The class, Historical Semantics and Legal Interpretation: Questions and Methods, was a seminar that taught students to use the methodologies of linguistics to gain a better understanding of historical jurisprudence. The meaning of words and phrases change greatly over time; this is a way to analyze those changes in legal contexts, whether in the Constitution, statutes, codes, contracts, or any other source of law.
For example, in the Second Amendment, the words “keep and bear arms” invite many interpretations of meaning. Using linguistics methods and new search technologies, a legal scholar can find uses of that phrase in historical texts and gain an idea of its changing use over time.
This is a new field, and LaCroix and Merchant plan to publish together on the subject. Their class was supported by a grant from the Center of Disciplinary Innovation, part of the University’s Franke Institute for the Humanities.
“It’s very exciting, because it feels like something that could have a real impact on how judges decide cases,” LaCroix said. “It has really enormous applications across all fields of law, to tell us something that is the real goal of legal practice and legal scholarship: what do legal words and phrases mean, and how do we know?”

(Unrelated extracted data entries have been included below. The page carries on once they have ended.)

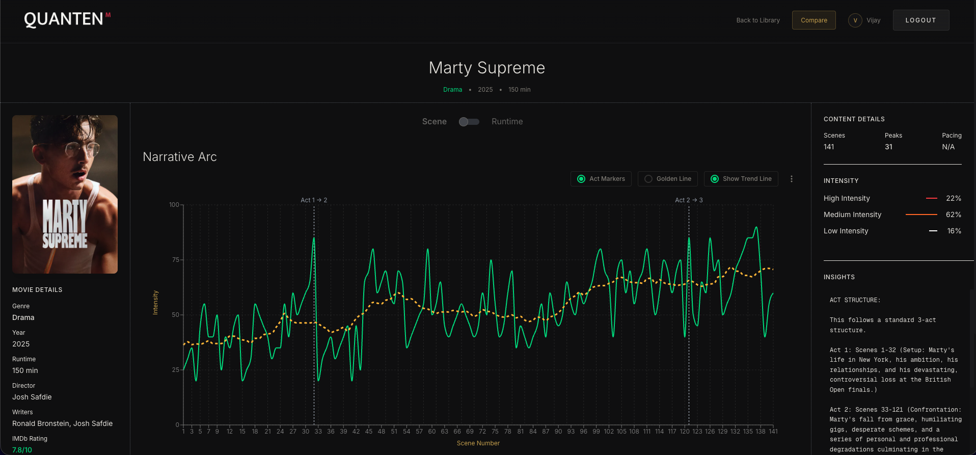 ## 概要 100本超のベンチマーク映画の緊張感の推移を可視化し、制作前に自分のアークを設計できるAI映像構成ツール。脚本をアップロードしてベンチマークと比較し、弱点を把握できる。 ## 特徴...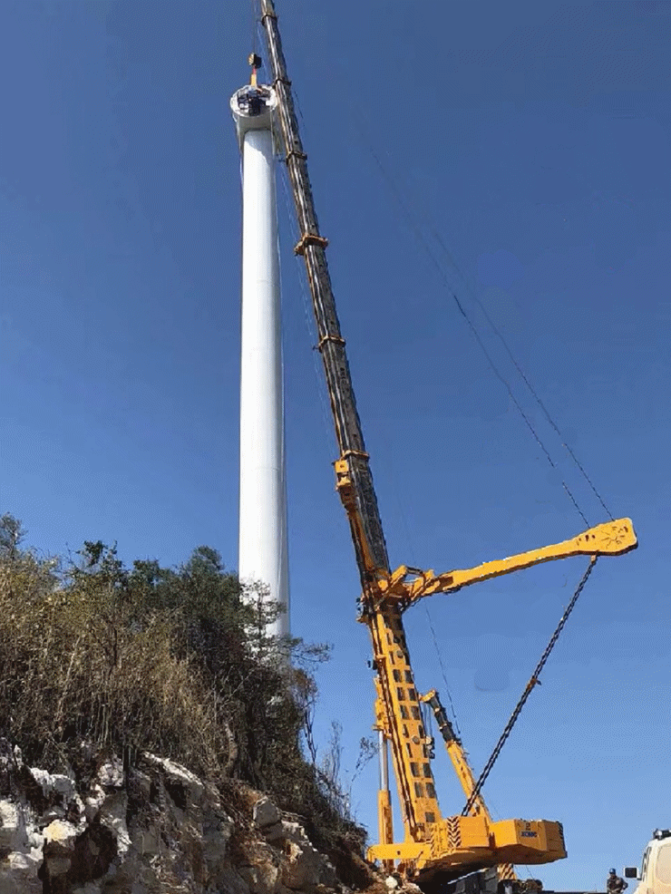 Según el responsable del Proyecto, la grúa XCA5000 se encargó de todas las torres que se ubicaban en terreno pequeño o pendiente, de las cuales la última era la más difícil. Bajo un viento enorme los operadores, con la ayuda del personal de servicio de XCMG, montaron el puntal y las patas para poner el equipo en función.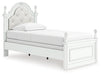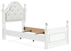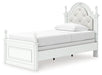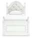 Fit for a princess. This twin upholstered panel bed’s crisp matte white finish pairs with charming ornate beading and sumptuous button-tufted upholstery—perfect for your girly girl. Decorative ball tops and multicolored LED lighting in the headboard are the crowning touches to make your little one feel like royalty.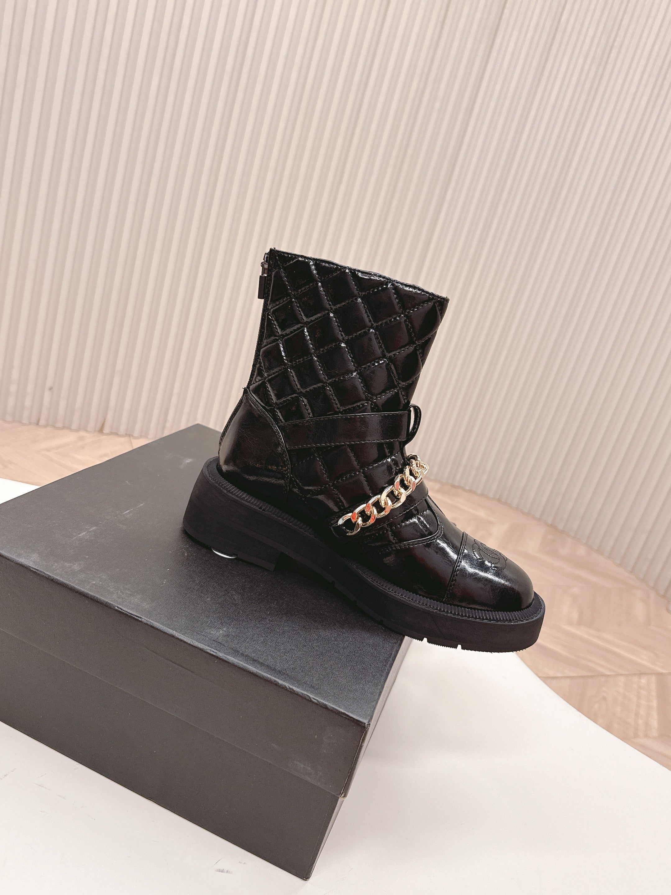 CHANEL ANKLE BOOTS 25S IN BLACK SHINY LAMBSKIN WITH GOLD HARDWARE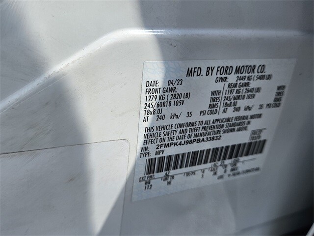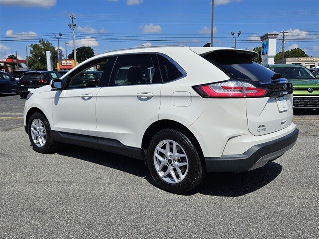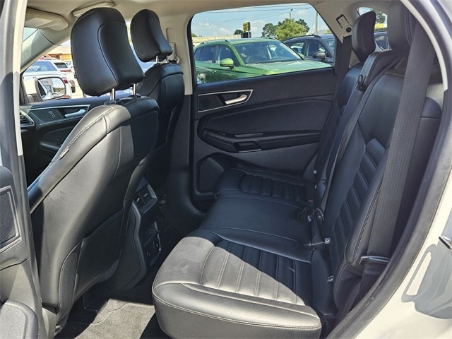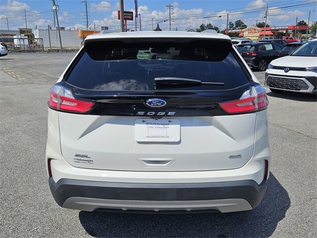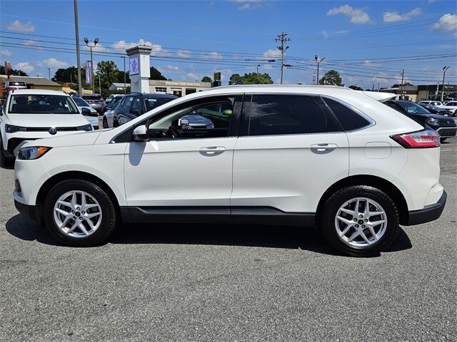 Star White Metallic Tri-Coat 2023 Ford Edge SEL AWD 8-Speed Automatic EcoBoost 2.0L I4 GTDi DOHC Turbocharged VCT This Edge is equipped with. AWD, 110V/150W AC Power Outlet, 3.80 Axle Ratio, 4-Wheel Disc Brakes, 6 Speakers, ABS brakes, ActiveX Seating Material Heated Bucket Seats, Air Conditioning, Alloy wheels, AM/FM radio: SiriusXM with 360L, Auto High-beam Headlights, Auto-dimming Rear-View mirror, Automatic temperature control, Brake assist, Bumpers: body-color, Compass, Convenience Package, Delay-off headlights, Driver door bin, Driver vanity mirror, Dual front impact airbags, Dual front side impact airbags, Electronic Stability Control, Emergency communication system: SYNC 4 911 Assist, Equipment Group 201A, Fog Lamps w/Iconic Silver Bezel, FordPass Connect, Four wheel independent suspension, Front anti-roll bar, Front Bucket Seats, Front Center Armrest w/Storage, Front dual zone A/C, Front reading lights, Fully automatic headlights, Heated door mirrors, Heated front seats, Illuminated entry, Knee airbag, Leather steering wheel, Leather-Wrapped Steering Wheel, Low tire pressure warning, Occupant sensing airbag, Outside temperature display, Overhead airbag, Overhead console, Panic alarm, Passenger door bin, Passenger vanity mirror, Perimeter Alarm, Power door mirrors, Power driver seat, Power Liftgate, Power passenger seat, Power steering, Power windows, Radio: AM/FM Stereo/MP3 Capable, Rear anti-roll bar, Rear Parking Sensors, Rear reading lights, Rear seat center armrest, Rear window defroster, Rear window wiper, Remote keyless entry, Remote Start System, Silver Roof-Rack Side Rails, SiriusXM w/360L, Speed control, Speed-Sensitive Wipers, Split folding rear seat, Spoiler, Steering wheel mounted audio controls, SYNC 4A w/Enhanced Voice Recognition, Tachometer, Telescoping steering wheel, Tilt steering wheel, Traction control, Trip computer, Universal Garage Door Opener (UGDO), Variably intermittent wipers, Wheels: 18" Sparkle Silver-Painted Aluminum, Wireless Charging Pad, AWD.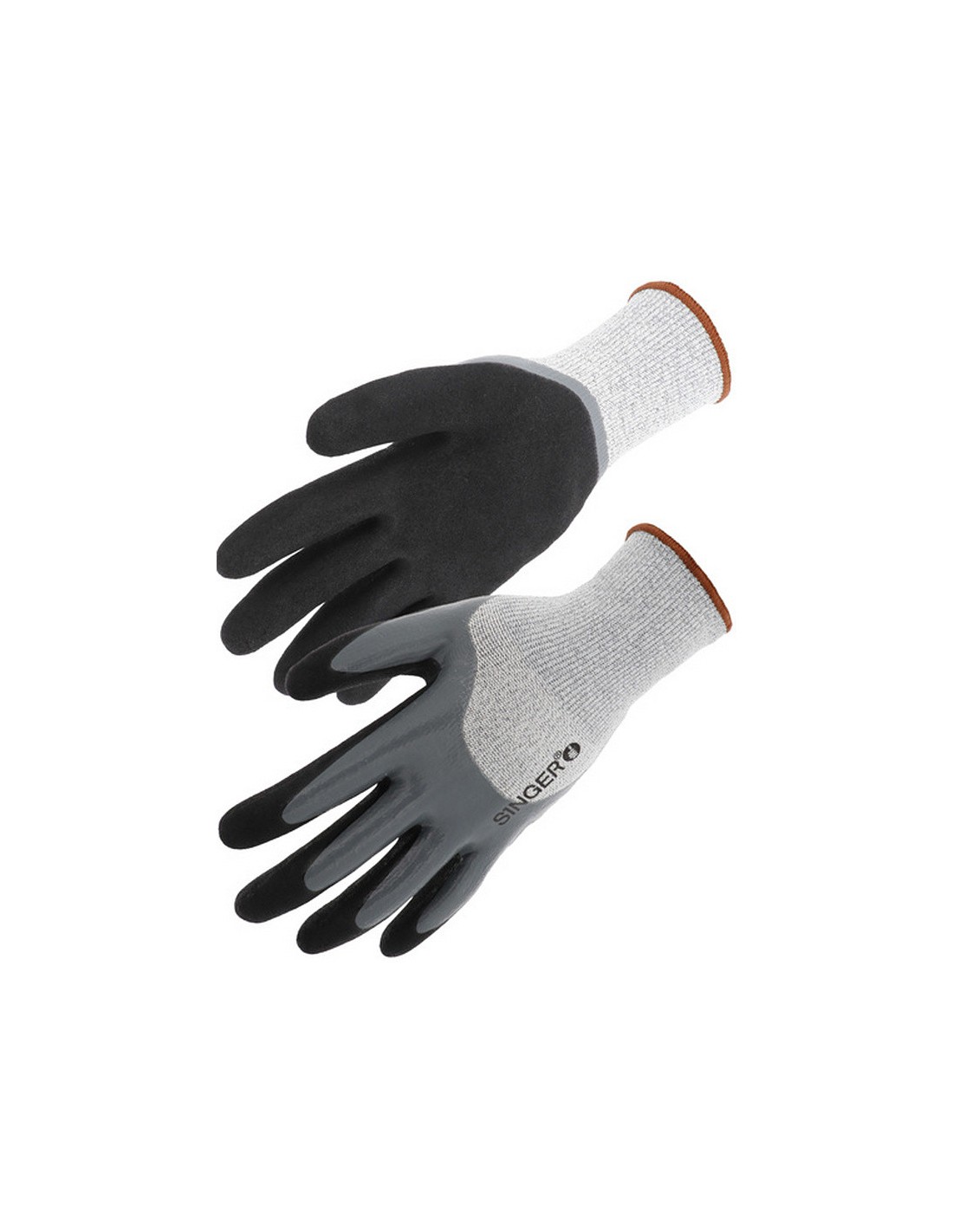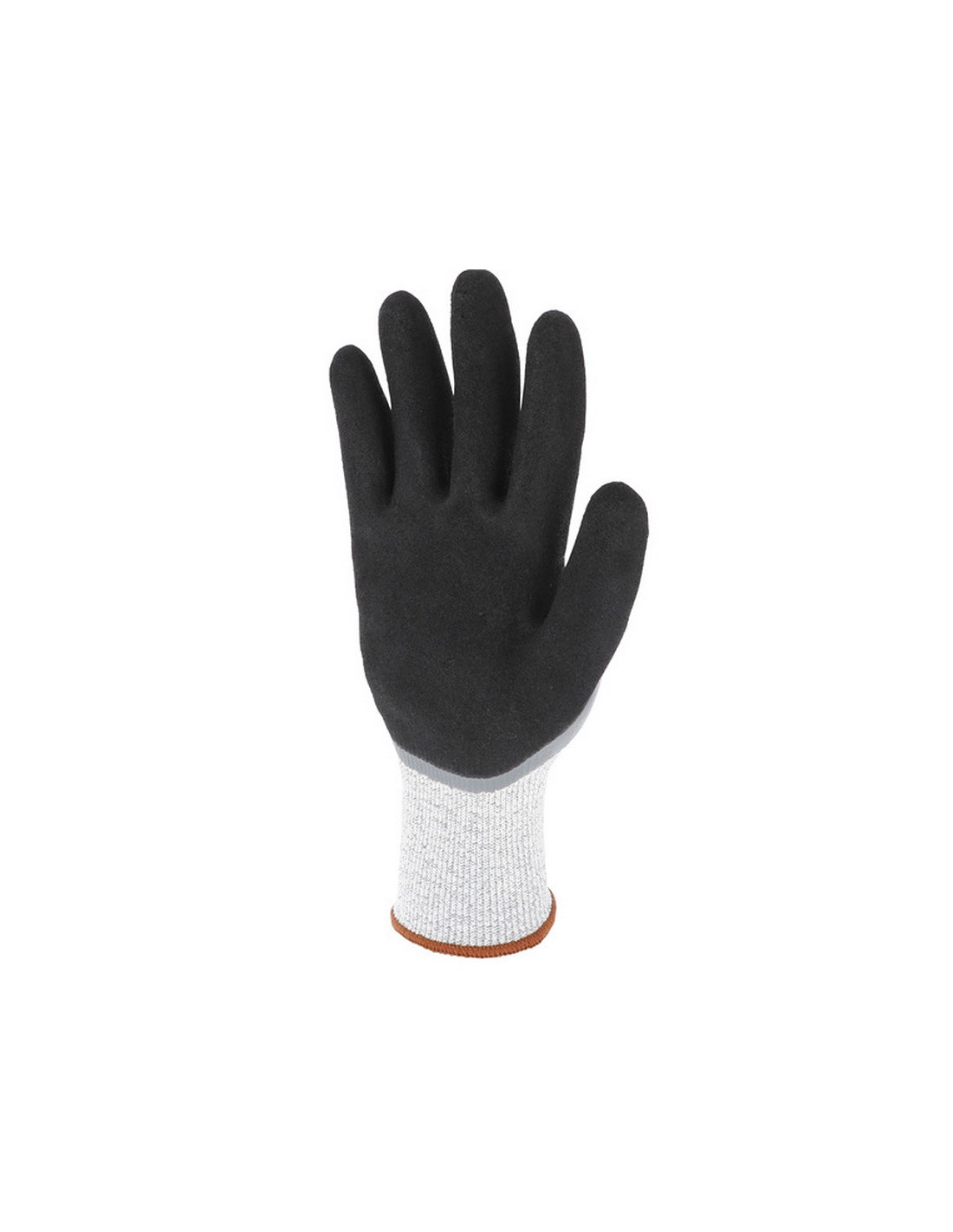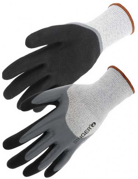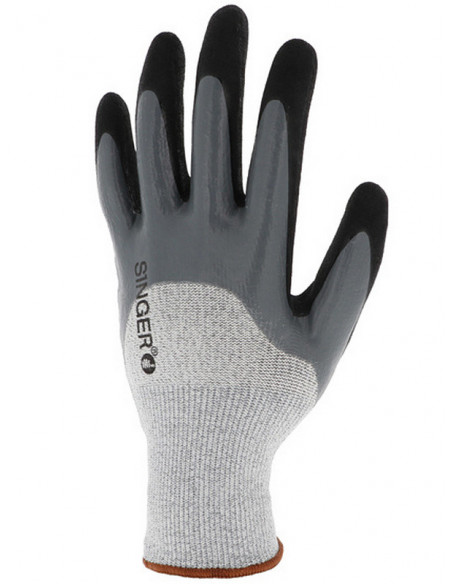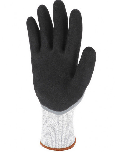 Mănuşi rezistente la taieturi tricotate din fir HPPE, acoperite 3/4 cu un strat de spumă de nitril în palmă şi pe degete şi pe spate, iar al 2-lea strat confera o aderenţă sporită. Manșetă tricotată elastică.

Merchant, who studies the interface between syntax and semantics, said the course combines their respective areas of expertise: LaCroix is an expert in the legal texts and their ambiguities, while he knows the technology and methodologies of linguistics, which takes a mathematical approach to analyzing language. Most of the students in the class were linguistics students, though a few law students did participate.
“It’s great to work with an expert on early American federalism and constitutional law like Alison, and even more fun to coteach with her,” Merchant said.